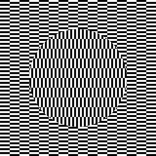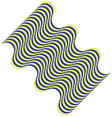 Stripes appear to move. The effect used in the op art of Bridget Riley is also included. In addition, this is a depth-reversible image.
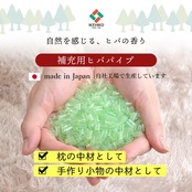 寝装品に求められる機能満載のオリジナル寝具シリーズの枕の中材です。ほのかに香るヒノキの香りで安らかな眠りへ導きます。ポリエチレンパイプに「ヒバエッセンス」を加工しています。青森のヒバの木から抽出されるヒバエッセンスには、ヒノキチオールという天然物質として極めて抗菌性の高い成分が含まれ、医療・食品など多分野で利用研究が進められています。ポリエチレンパイプは国内自社工場で生産している国産のポリエチレンパイプを使用しています。手洗い可能ですので、いつでも清潔にご使用できます。
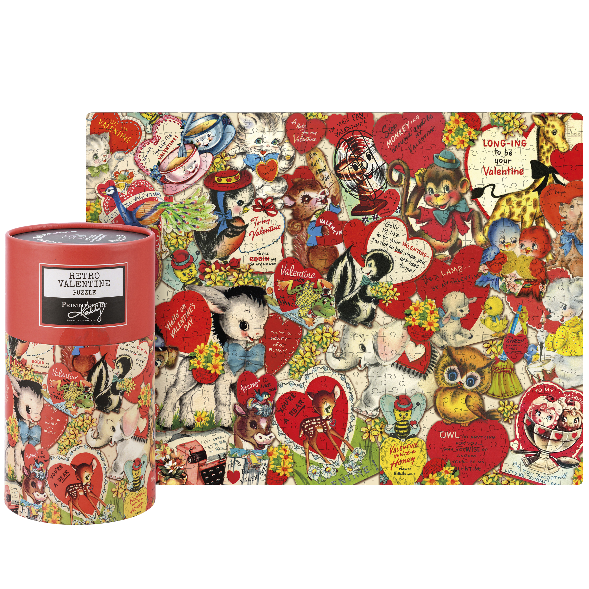 A 1,000 piece puzzle featuring a vintage Valentine design. Puzzle pieces are packaged in a resealable plastic bag and enclosed in a cylindrical box with the design wrapped around lid. Includes 10" x 8" printout of full puzzle image for reference.
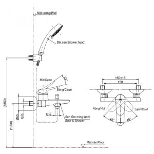 Vòi Sen Tắm Cây Inax BFV-1115S-1C (BFV1115S1C) Nóng Lạnh
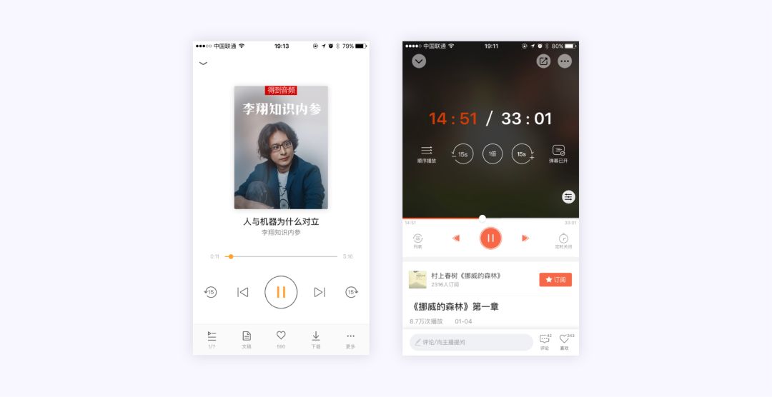 例如下图中分别是两个app,都是听书类应用,可以看到这两个界面,有个一样的功能—快进/快退 ,左边的快进快退功能分别放在上一篇下一篇的左右两边,这样比较容易的让用户理解;而右边的界面,就将这两个功能放在了封面上,在没有文字说明的情况,很难理解这三个icon分别是什么意思。
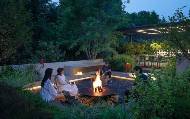 Không gian sân vườn có thể được biến thành nơi thư giãn vào buổi tối với bếp lửa ấm.
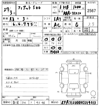 Fiat 500, 2015 года - Лот№2567 ★3.5
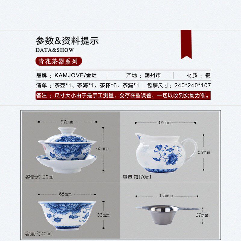 金灶kpa-95工夫茶具套装青花瓷泡茶套装整套茶具陶瓷品茗杯新品
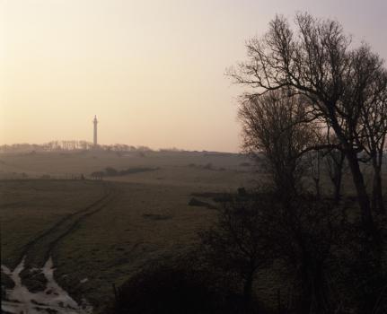 Vue sur la plaine de Wimille avec la colonne de la Grande Armée en arrière-plan
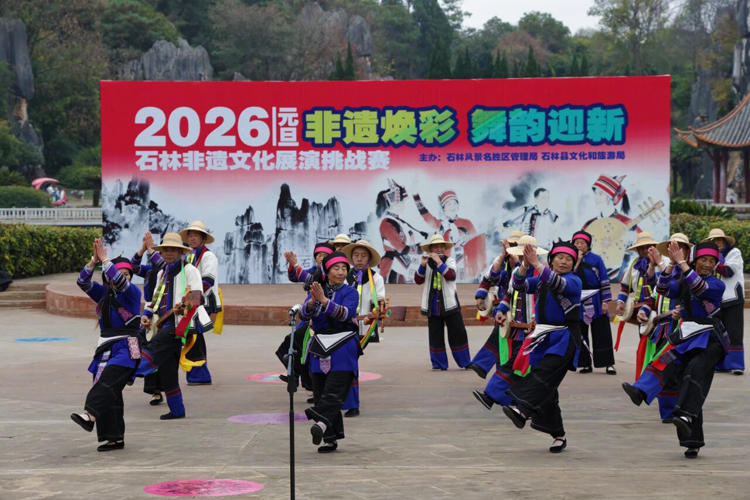 1月1日,石林风景区内鼓乐喧天、彩衣飞扬,2026元旦“非遗焕彩 舞韵迎新”石林非遗文化展演挑战赛正式拉开帷幕。活动以 “传承非遗文脉,共庆新春佳节” 为核心,将石林独特的民族文化与节日氛围深度融合,为游客朋友们献上一场沉浸式的文化盛宴,为期三天(1月1日—1月3日)的精彩赛事,让冬日的石林更添暖意与活力。
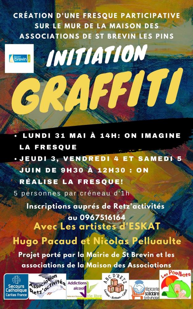 Sous l'impulsion de Retz'activités, 2 artistes, Eskat et l'OEil, accompagnent les usagers/bénévoles/administrateurs des associations siégeant dans la Maison des Associations de St Brevin les Pins pour réaliser une fresque à leur image, mettant en avant les valeurs de solidarité, partage, transmisssion .Jeudi 3, vendredi 4 et samedi 5 de 9h30 à 12h30, des ateliers participatifs sont mis en place pour sa rélalisation. N'hésitez à passer la voir !

→ Exercise prompt
What you print must match the entries exactly, except that no pictures appear.

→ Reply
 Stripes appear to move. The effect used in the op art of Bridget Riley is also included. In addition, this is a depth-reversible image.
 寝装品に求められる機能満載のオリジナル寝具シリーズの枕の中材です。ほのかに香るヒノキの香りで安らかな眠りへ導きます。ポリエチレンパイプに「ヒバエッセンス」を加工しています。青森のヒバの木から抽出されるヒバエッセンスには、ヒノキチオールという天然物質として極めて抗菌性の高い成分が含まれ、医療・食品など多分野で利用研究が進められています。ポリエチレンパイプは国内自社工場で生産している国産のポリエチレンパイプを使用しています。手洗い可能ですので、いつでも清潔にご使用できます。
 A 1,000 piece puzzle featuring a vintage Valentine design. Puzzle pieces are packaged in a resealable plastic bag and enclosed in a cylindrical box with the design wrapped around lid. Includes 10" x 8" printout of full puzzle image for reference.
 Vòi Sen Tắm Cây Inax BFV-1115S-1C (BFV1115S1C) Nóng Lạnh
 例如下图中分别是两个app,都是听书类应用,可以看到这两个界面,有个一样的功能—快进/快退 ,左边的快进快退功能分别放在上一篇下一篇的左右两边,这样比较容易的让用户理解;而右边的界面,就将这两个功能放在了封面上,在没有文字说明的情况,很难理解这三个icon分别是什么意思。
 Không gian sân vườn có thể được biến thành nơi thư giãn vào buổi tối với bếp lửa ấm.
 Fiat 500, 2015 года - Лот№2567 ★3.5
 金灶kpa-95工夫茶具套装青花瓷泡茶套装整套茶具陶瓷品茗杯新品
 Vue sur la plaine de Wimille avec la colonne de la Grande Armée en arrière-plan
 1月1日,石林风景区内鼓乐喧天、彩衣飞扬,2026元旦“非遗焕彩 舞韵迎新”石林非遗文化展演挑战赛正式拉开帷幕。活动以 “传承非遗文脉,共庆新春佳节” 为核心,将石林独特的民族文化与节日氛围深度融合,为游客朋友们献上一场沉浸式的文化盛宴,为期三天(1月1日—1月3日)的精彩赛事,让冬日的石林更添暖意与活力。
 Sous l'impulsion de Retz'activités, 2 artistes, Eskat et l'OEil, accompagnent les usagers/bénévoles/administrateurs des associations siégeant dans la Maison des Associations de St Brevin les Pins pour réaliser une fresque à leur image, mettant en avant les valeurs de solidarité, partage, transmisssion .Jeudi 3, vendredi 4 et samedi 5 de 9h30 à 12h30, des ateliers participatifs sont mis en place pour sa rélalisation. N'hésitez à passer la voir !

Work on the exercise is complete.